Q. Who is the best player you have played so far in your career?

LILIA OSTERLOH: I mean, they are all tough.

Q. I know.

LILIA OSTERLOH: You mean like the highest ranking-wise?

Q. Yeah.

LILIA OSTERLOH: I believe last year when I lost to Likhovtseva, I think she was ranked like 19 at the time.

Q. Talk a little bit about this class of young women who have seemed to have come along all at the same time, we were talking yesterday about the men who have gaps, I mean, there is not as many young promising young men as there seem to be young promising women?

LILIA OSTERLOH: I mean, I don't know. I mean, I just -- most of the other girls are actually younger than me, I think, Hingis and Kournikova, I think, they are around 16, 17. I am actually -- I mean, even though I am young, but I think I am still a little bit older. And, I don't really know why, but I mean, my timetable is just different.

Q. Among the American girls, it must be a stiff competition?

LILIA OSTERLOH: Actually there is a lot of up and coming Americans. There is Tara Snyder, Brie Rippner. Who else? I am not sure, but there is a lot of good competition in the USA.

Q. What this mean now reaching the third round now - you talked about this the other day.

LILIA OSTERLOH: I mean, it is great. I mean, it is special. It will be my first pro event. But, I mean, I am just going to take it one match at a time.

Q. You probably will be on one of the stadium courts and how do you think you will adjust to that?

LILIA OSTERLOH: I love playing in front of crowds. I mean, it is also the entertainment business too. And, so, I like playing in front of big crowds so I am going to be really excited for it.

Q. If I could ask, is your mother or father Filipino?

LILIA OSTERLOH: My mother is from the Phillipines and she also has a little Spanish in her and my father is from a German background.

Q. You may not want to answer this, but what the heck. A lot of observers look at the top players and a lot of them are first generation, like Andre, or Michael Chang or Pete and even on the golf side, Tiger Woods, of course. Do you think, in some ways, having one of your parents coming to America recently, does that sort of help you in some kind of way with drive or eagerness?

LILIA OSTERLOH: Not especially because my mother has been here since like the '70's, or the early 60's, so, I mean, yeah, she is an American citizen. So, I mean, I am American all the way - yeah.

Q. You do have family here watching?

LILIA OSTERLOH: Yes, my mother had to go back to work yesterday, but my father is here and a lot of people from Stanford came over.

Q. Who is here from Stanford?

LILIA OSTERLOH: A couple of guys from the team.
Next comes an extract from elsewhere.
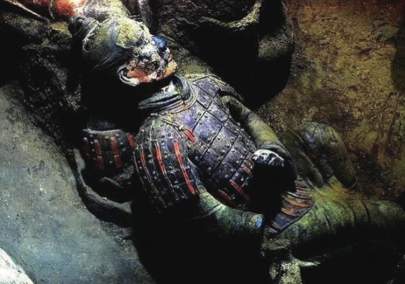 ▲ 兵马俑出土现场(颜色尚未褪去)

Well, actually, some of them are playing also in men's.

Q. Can you name some?

LILIA OSTERLOH: There is like the Bryan brothers, David Hauser (ph) and I forget the other guy's name, but.
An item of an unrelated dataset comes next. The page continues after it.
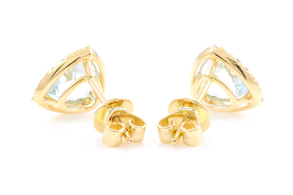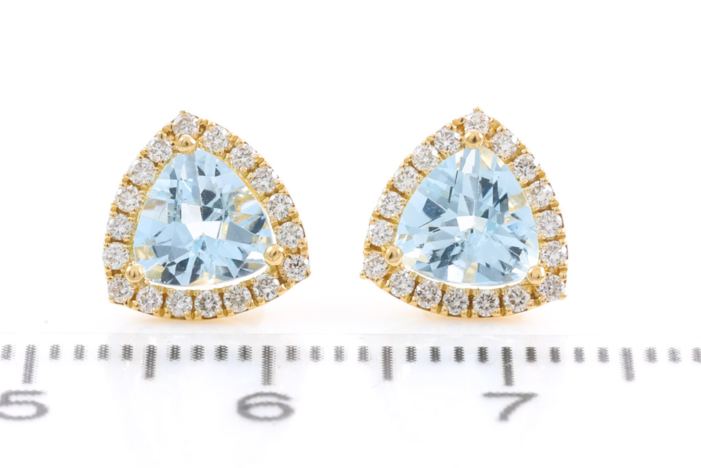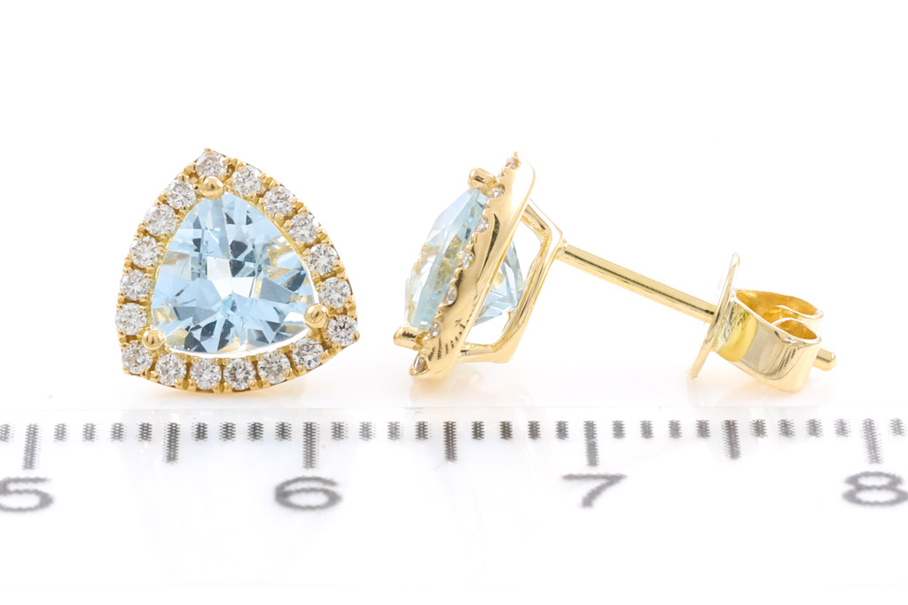 Aquamarine and Diamond earrings with trilliant cut Aquamarines totalling 1.42cts and round Diamonds totalling 0.24cts. 14ct yellow gold. Weight: 2.0g. (New).

Q. Are you guys supporting or hanging out or is there any networking going on?

LILIA OSTERLOH: Yeah, we call each other at night see how everyone did. We all like to keep in touch so it is very good.
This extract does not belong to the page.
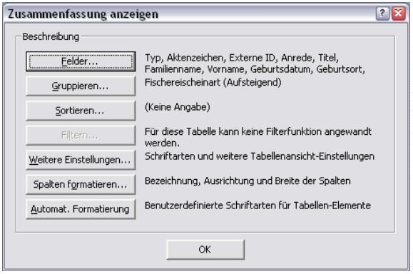 Zusammenfassung „Ansicht formatieren" enthält auch die zuvor schon angesprochen Funk-

Q. Is Coach Brennan here or not?

LILIA OSTERLOH: Actually he is not. But I don't know if he is coming later on in the week. Assistant coach Lele Ferod is here.

Q. This is a tough assignment for a first pro tournament. I mean, this is a Grand Slam. It is a big event. It is New York City. Coming in, what were your expectations? What were -- what did you think you could do here?

LILIA OSTERLOH: Well, I didn't want to put too much pressure on myself. But, I did win a round last year and I did want to get past the first round. So, I did that and I am happy that I won another round.

Q. If you had to name one thing that was the biggest surprise of playing pro ball, what would that be?

LILIA OSTERLOH: Biggest surprise -- I guess the money involved. There is a lot of money involved.

Q. What parts of your game do you see that you have to develop further making the transition from the college level to the pro ranks?

LILIA OSTERLOH: Just have to play my game. College tennis, everyone is really -- I mean, I could just be solid and consistent basically and not really go for my shots, but now I mean, I have to play my game and be aggressive and take advantage of opportunities, you know, come in a little more and I am still continuing to work on a lot of things, improving my serve and my conditioning.